[Nitro] Fwd: [NP.ORG] Nitro/Og Fora daily diggest

George Moschovitis george.moschovitis at gmail.com
Thu Mar 22 06:11:52 EDT 2007


---------- Forwarded message ----------
From: george.moschovitis at gmail.com <george.moschovitis at gmail.com>
Date: Mar 22, 2007 2:05 AM
Subject: [NP.ORG] Nitro/Og Fora daily diggest
To: george.moschovitis at gmail.com


>From judson.myopenid.com
Date: Wed Mar 21 19:47:50 UTC 2007
Subject: Validation and silent failures
Message-ID: http://www.nitroproject.org/fora/posts/view/54

Here's an annoying bug: You create a new model object.  You obj.save.
Later, you try to pull the object out of the store and get nil.  Why?
Because you put a validate_unique, and your new object was made
invalid as a result.  This is a bug in your code.

Og doesn't really help make this easier to find, though.  Is there a
good reason not to have failed validations raise an exception?

The only reason I can think of (you're knowingly creating duplicates
and using validate_unique to prevent that) is easily solved by

obj.save rescue Og::ValidationException nil

>From judson.myopenid.com
Date: Wed Mar 21 19:35:10 UTC 2007
Subject: RE:
In-Reply-To: http://www.nitroproject.org/fora/posts/view/44
Message-ID: http://www.nitroproject.org/fora/posts/view/53

I agree that the implementation would be non-trivial.  I don't
necessarily agree that there wouldn't be much benefit.  As it stands,
valid_unique has the possibility of a race condition.

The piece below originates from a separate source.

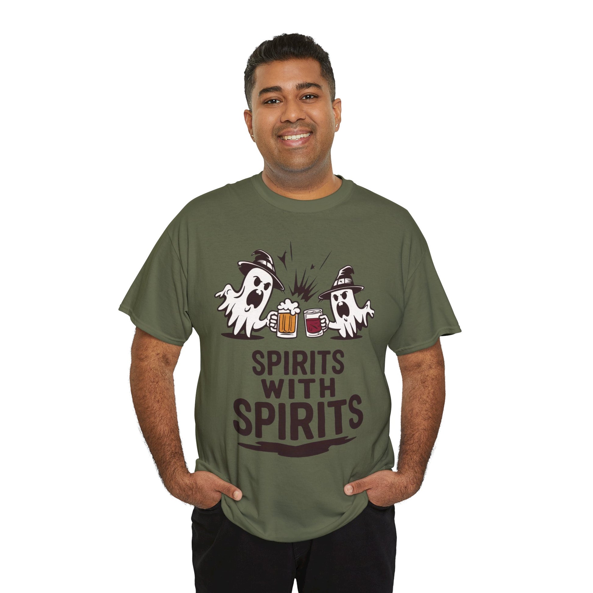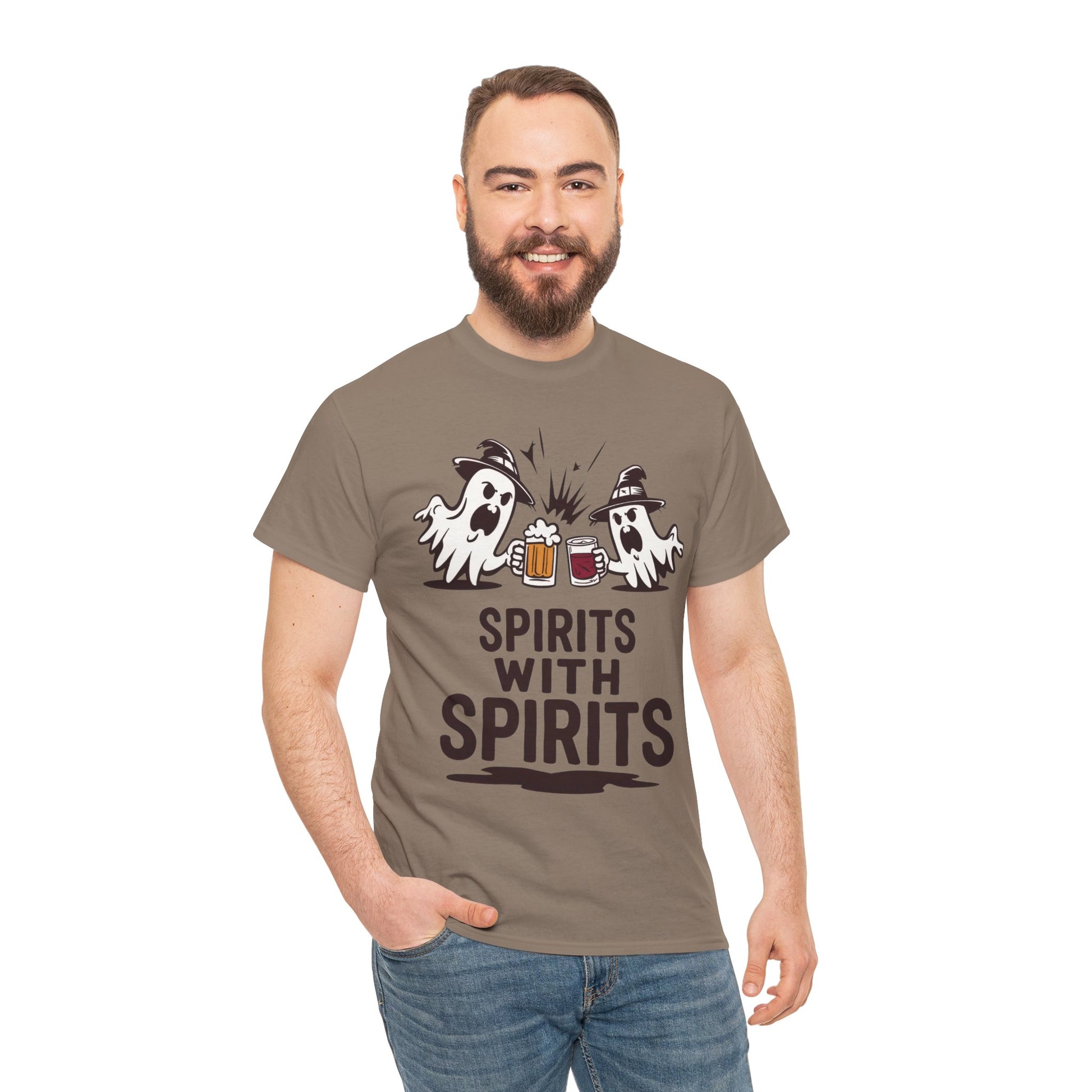 Spirits With Spirits Men's T-Shirt, Funny Ghost Drinking Halloween Party Graphic Tee

Moreover, though, I tend to be of a philosophy that says "make the
DBMS do as much work as possible."

>From judson.myopenid.com
Date: Wed Mar 21 19:32:10 UTC 2007
Subject: RE:
In-Reply-To: http://www.nitroproject.org/fora/posts/view/50
Message-ID: http://www.nitroproject.org/fora/posts/view/52

<blockquote>Use object.id instead of object.oid (like the AR guys do)
</blockquote>

On the one hand, in general one shouldn't be using object.oid in
client code anyway.  Practically speaking, I've used it to avoid
evolution/has_many/STI issues, so this change would break some code a
tiny little bit.

On the other, why?  .oid is clear as a default PK.  .id looks like
object_id (and masks .id (which is deprecated anyway, but still valid
Ruby))  Just because AR does?

<blockquote>Skip the table prefix 'og' by default, ie the class User
will be serialized to the user table </blockquote>

I've come to be rather fond of the og prefix for table names,
personally.  And I think there might be the possibility of table name
collision - something about certain DBMSs creating tables in new DBs
for managing them or something.

Mostly this is just infernal advocacy.  I could go either way, really.